Whilst reading the manual, I'm trying to find something on very long data processing pipelines and how to create very long plans. This brings me to the obvious section on large plans. However, this documents how to create a plan with much duplication using helper functions and smart syntax, not how to create a… large plan. I think I've figured out that I could create several plans and combine them using bind_plans(). If that's correct, I think this section of the manual could start with a short paragraph on how with very long plans it can become difficult to keep the overview, and that several plans can be created using drake_plan() and then combined using bind_plans().

I hope I've understood correctly, and that you agree that this would be an improvement to the manual!

Kind regards

Answer 1 · 2019-10-22T01:15:01.000Z

However, this documents how to create a plan with much duplication using helper functions and smart syntax, not how to create a… large plan.

What do you think of as a large plan? Would you post a sketch of an example? I am having trouble seeing what you mean by "large".

I think of the plans in the manual as large because they have a lot of targets. Those targets are not exact duplicates, but they do have patterns and commonalities that allow us to express them with minimal code.

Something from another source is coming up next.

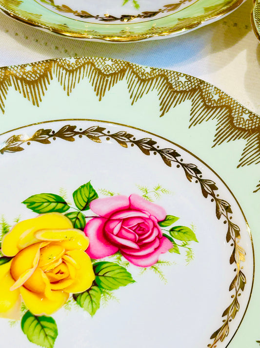 Imperial China Pink & Yellow Rose Teacup & Saucer Trio
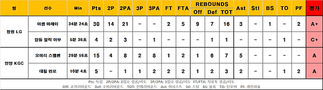 반면 LG 1옵션 아셈 마레이는 올 시즌 최고 활약을 펼쳤음에도 팀 패배에 또다시 좌절했다.

I think I've figured out that I could create several plans and combine them using bind_plans(). If that's correct, I think this section of the manual could start with a short paragraph on how with very long plans it can become difficult to keep the overview, and that several plans can be created using drake_plan() and then combined using bind_plans()

bind_plans() is acceptable, but usually suboptimal. If we want to chain large batches of targets together, we suddenly have trouble referring to upstream targets.

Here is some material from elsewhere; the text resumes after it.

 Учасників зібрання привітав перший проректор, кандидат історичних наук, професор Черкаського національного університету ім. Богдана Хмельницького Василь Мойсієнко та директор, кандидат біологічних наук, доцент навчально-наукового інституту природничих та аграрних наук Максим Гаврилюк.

The following plan makes extensive use of transformations, an it scales well as we increase the number of datasets we want to analyze.

library(drake)
library(rlang)
datasets <- syms(c("gapminder", "diamonds")) # Add more datasets here.
plan <- drake_plan(
  data = target(
    munge(raw),
    transform = map(raw = !!datasets)
  ),
  analysis = target(
    analyze(data),
    transform = map(data, .id = raw)
  ),
  summary = target(
    summarize(analysis),
    transform = map(analysis, .id = raw)
  ),
  results = target(
    bind_rows(summary),
    transform = combine(summary)
  )
)

plan
#> # A tibble: 7 x 2
#>   target             command                                       
#>   <chr>              <expr>                                        
#> 1 data_gapminder     munge(gapminder)                              
#> 2 data_diamonds      munge(diamonds)                               
#> 3 analysis_gapminder analyze(data_gapminder)                       
#> 4 analysis_diamonds  analyze(data_diamonds)                        
#> 5 summary_gapminder  summarize(analysis_gapminder)                 
#> 6 summary_diamonds   summarize(analysis_diamonds)                  
#> 7 results            bind_rows(summary_gapminder, summary_diamonds)

drake_plan_source(plan)
#> drake_plan(
#>   data_gapminder = munge(gapminder),
#>   data_diamonds = munge(diamonds),
#>   analysis_gapminder = analyze(data_gapminder),
#>   analysis_diamonds = analyze(data_diamonds),
#>   summary_gapminder = summarize(analysis_gapminder),
#>   summary_diamonds = summarize(analysis_diamonds),
#>   results = bind_rows(summary_gapminder, summary_diamonds)
#> )

config <- drake_config(plan)
vis_drake_graph(config)

^{Created on 2019-10-21 by the reprex package (v0.3.0)}

But if we try to do this with separate plans, it becomes more challenging because we have to recreate old grouping variables for downstream plans (such as raw and analyses below). Possible, but inconvenient.

library(drake)
library(rlang)
datasets <- syms(c("gapminder", "diamonds"))
plan1 <- drake_plan(
  data = target(
    munge(raw),
    transform = map(raw = !!datasets)
  ),
  analysis = target(
    analyze(data),
    transform = map(data, .id = raw)
  )
)

# It is annoying to recreate the list of analyses.
analyses <- syms(c("analysis_gapminder", "analysis_diamonds"))

plan2 <- drake_plan(
  summary = target(
    summarize(analysis),
    transform = map(analysis = !!analyses, raw = !!datasets, .id = raw)
  ),
  results = target(
    bind_rows(summary),
    transform = combine(summary)
  )
)

plan <- bind_plans(plan1, plan2)

drake_plan_source(plan)
#> drake_plan(
#>   data_gapminder = munge(gapminder),
#>   data_diamonds = munge(diamonds),
#>   analysis_gapminder = analyze(data_gapminder),
#>   analysis_diamonds = analyze(data_diamonds),
#>   summary_gapminder = summarize(analysis_gapminder),
#>   summary_diamonds = summarize(analysis_diamonds),
#>   results = bind_rows(summary_gapminder, summary_diamonds)
#> )

config <- drake_config(plan)
vis_drake_graph(config)

^{Created on 2019-10-21 by the reprex package (v0.3.0)}

Answer 2 · 2019-10-22T10:01:48.000Z

I'm sorry for not making myself more clear. Thanks for the elaborate and prompt reply! From this and your previous interactions here you're an inspiration on how to engage with your online user/developer community!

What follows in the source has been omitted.